Thursday, 26 December 2013

india diary 1





Whenever I've travelled, I've almost always wished afterwards that the writing  I did  at the time had been less personal, more descriptive, less reflective. And yet this seems to be what I do. You could say it's just an obsession with the self, but it doesn't feel like that, in the sense that what interests me is not myself, per se, but what it feels like to be a human in a body; to be an awareness, perceiving, a consciousness in this world. This is really what this blog has been about so far - what does it mean to be an awareness in the world that is trying to create, to make art, to play music?

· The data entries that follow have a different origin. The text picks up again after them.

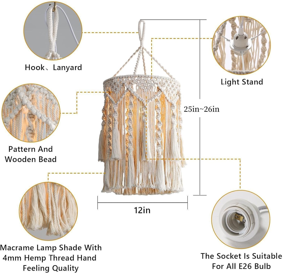เชือกคอตตอนทอด้วยมือสำหรับตกแต่งบ้านและโรงแรมโคมไฟ macrame สไตล์โบฮีเมียน
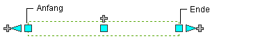 Mithilfe der Start- und Endgriffe können Sie die XYZ-Position des Startpunkts und des Endpunkts eines Segments ändern. Dies macht sie besonders bei den ersten Planungen von Luftkanalstrecken hilfreich, denn Sie können sie einfach dazu benutzen, ein Segment an eine vorhandene Strecke anzuschließen.
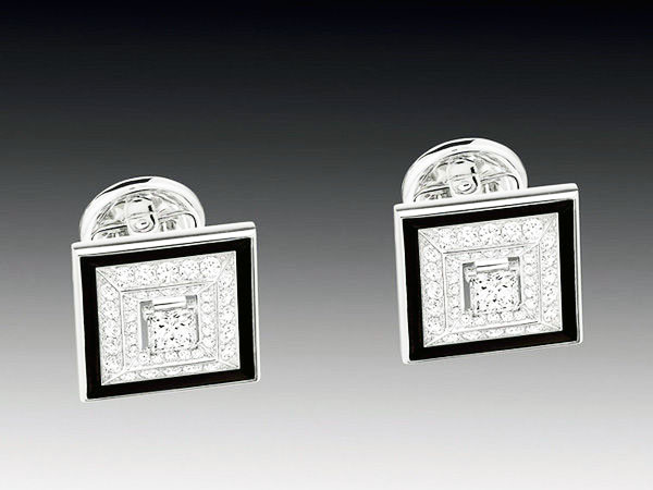 Charleston 袖扣,18K白金镶嵌162颗总重2克拉的明亮式切割钻石,2颗公主式切割钻石以及雕刻玛瑙。
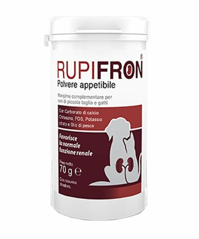 Rupifron polvere appetibile è un mangime complementare per cani di piccola taglia e gatti, formulato con Chitosano e FOS per favorire la normale funzione renale.
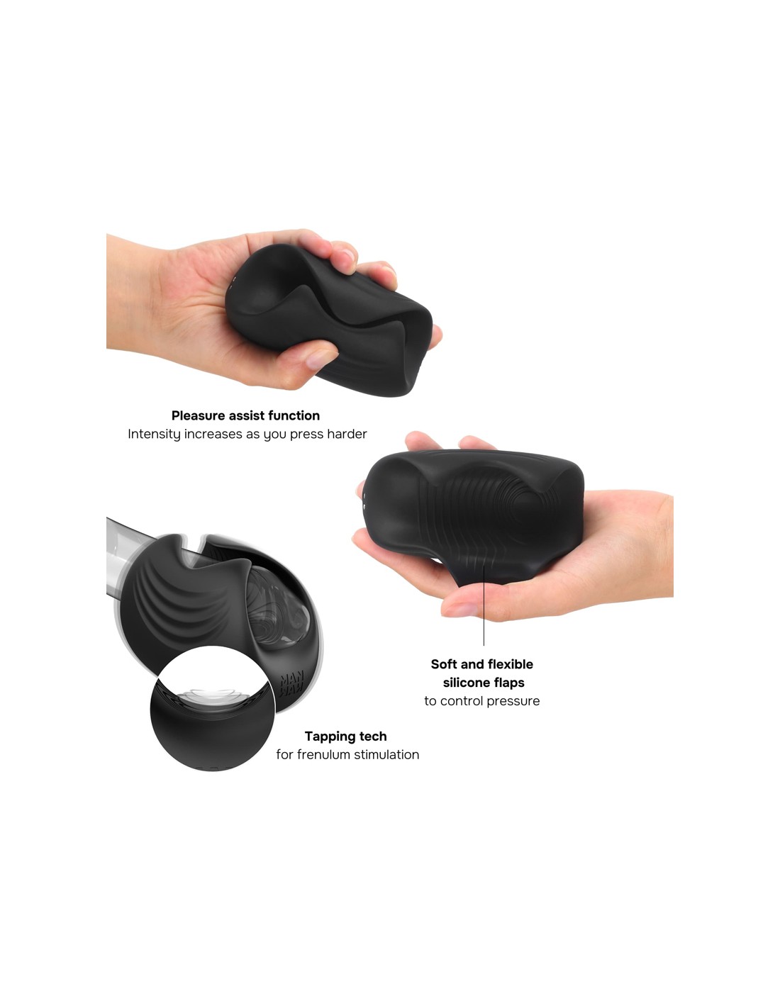 Masturbateur puissant, qui peut sutiliser avec ou sans érection, avec technologie "tapping" pour des sensations incroyables.
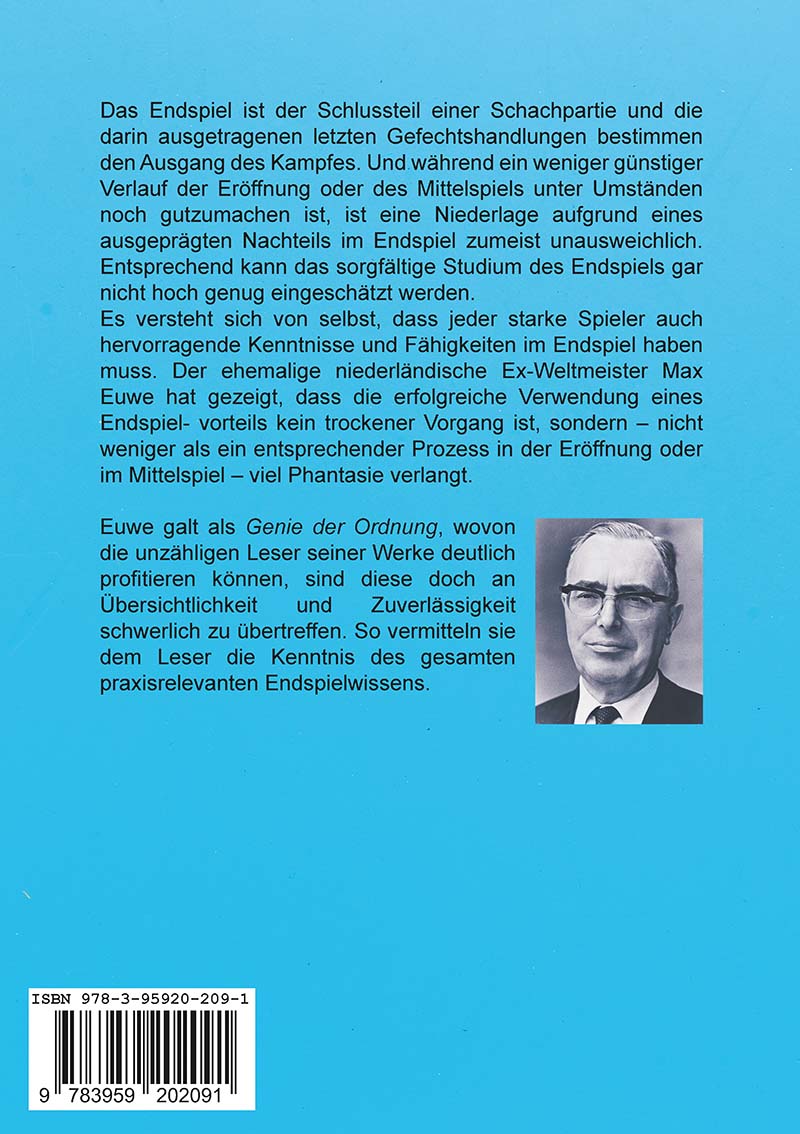 Das Endspiel ist der Schlussteil einer Schachpartie und die darin ausgetragenen letzten Gefechtshandlungen bestimmen den Ausgang des Kampfes. Und während ein weniger günstiger Verlauf der Eröffnung oder des Mittelspiels unter Umständen noch gutzumachen ist, ist eine Niederlage aufgrund eines ausgeprägten Nachteils im Endspiel zumeist unausweichlich. Entsprechend kann das sorgfältige Studium des Endspiels gar nicht hoch genug eingeschätzt werden.Es versteht sich von selbst, dass jeder starke Spieler auch hervorragende Kenntnisse und Fähigkeiten im Endspiel haben muss. Der ehemalige niederländische Ex-Weltmeister Max Euwe hat gezeigt, dass die erfolgreiche Verwendung eines Endspielvorteils kein trockener Vorgang ist, sondern - nicht weniger als ein entsprechender Prozess in der Eröffnung oder im Mittelspiel - viel Phantasie verlangt.
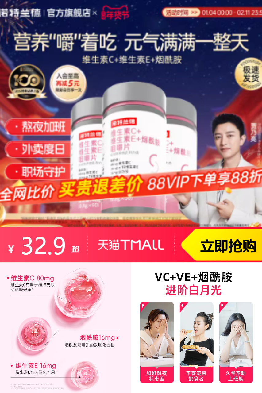 【官方立减8元,店铺会员立减2元,88VIP优惠1.65元,淘金币抵扣4.87元,凑满200减25消费券到手26.38元。】诺特兰德烟酰胺维生素c维生素e咀嚼片,肌肤养护好搭档,三效合一,美容佳品!日常保健新选择,天然维生素C&E。
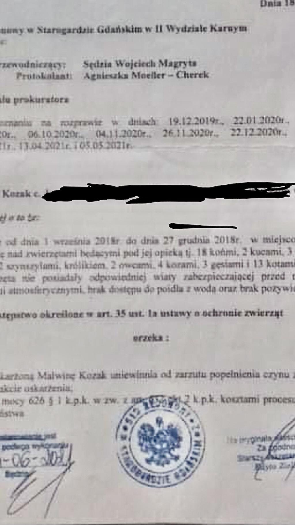 Kobieta została oskarżona o ich zaniedbywanie i narażenie na niebezpieczeństwo. Ale sąd prawomocnie uniewinnił kobietę od tych zarzutów. I nakazał zwrot wszystkich zwierząt.

What helps this awareness to create, what stuffs it up and stops it from flowing? How does consciousness and mind and feeling interweave with creative products coming into the world, or not? From this point of view, it seems to me that I might be able to document this journey to india in a way that is relevant to the overall aims of this blog.

As I go to sleep my first night here in Dubai, I have an image of being clogged up with smoke, of being congested, stuffed up with lists and intentions, with thoughts and plans, coiled up and crunched into a tiny ball.

A few hours earlier, in the  arrivals hall, back here in the middle east, where all of my adult adventuring started, I begin to feel myself open to the huge world that for so long was the only home I knew. Crisp white cotton reaching to the floor, the Arab male constantly rearranging his perfectly non-creased red and white headscarf, the religious figure, provenance unknown, in a long navy gown, dark female eyes ringed with black, profiles from India, Arabia, the Philippines, Thailand.

Lyng in bed, I  feel the smoke that I didn't even know was there starting to clear, my lungs starting to splutter and cough and heave as the accumulated blackness of decades begins to heave itself out of my system.

This morning, in the warm, breezy winter sun, I begin to feel my spine gently uncoil, remember how softly straight I felt at the end of my last trip to India. Some sort of weight is already slipping off me, a scaly snake skin eager to drop off and leave itself behind. Sitting on the roof of hotel looking out across the city skyline, the drawing that so often feels like an effort is as natural as breathing. I think of Matisse leaving his wife and child in winter for the sun of Morocco, of impressionists going south for the light. Perhaps I just don't vary my environment enough in normal day to day.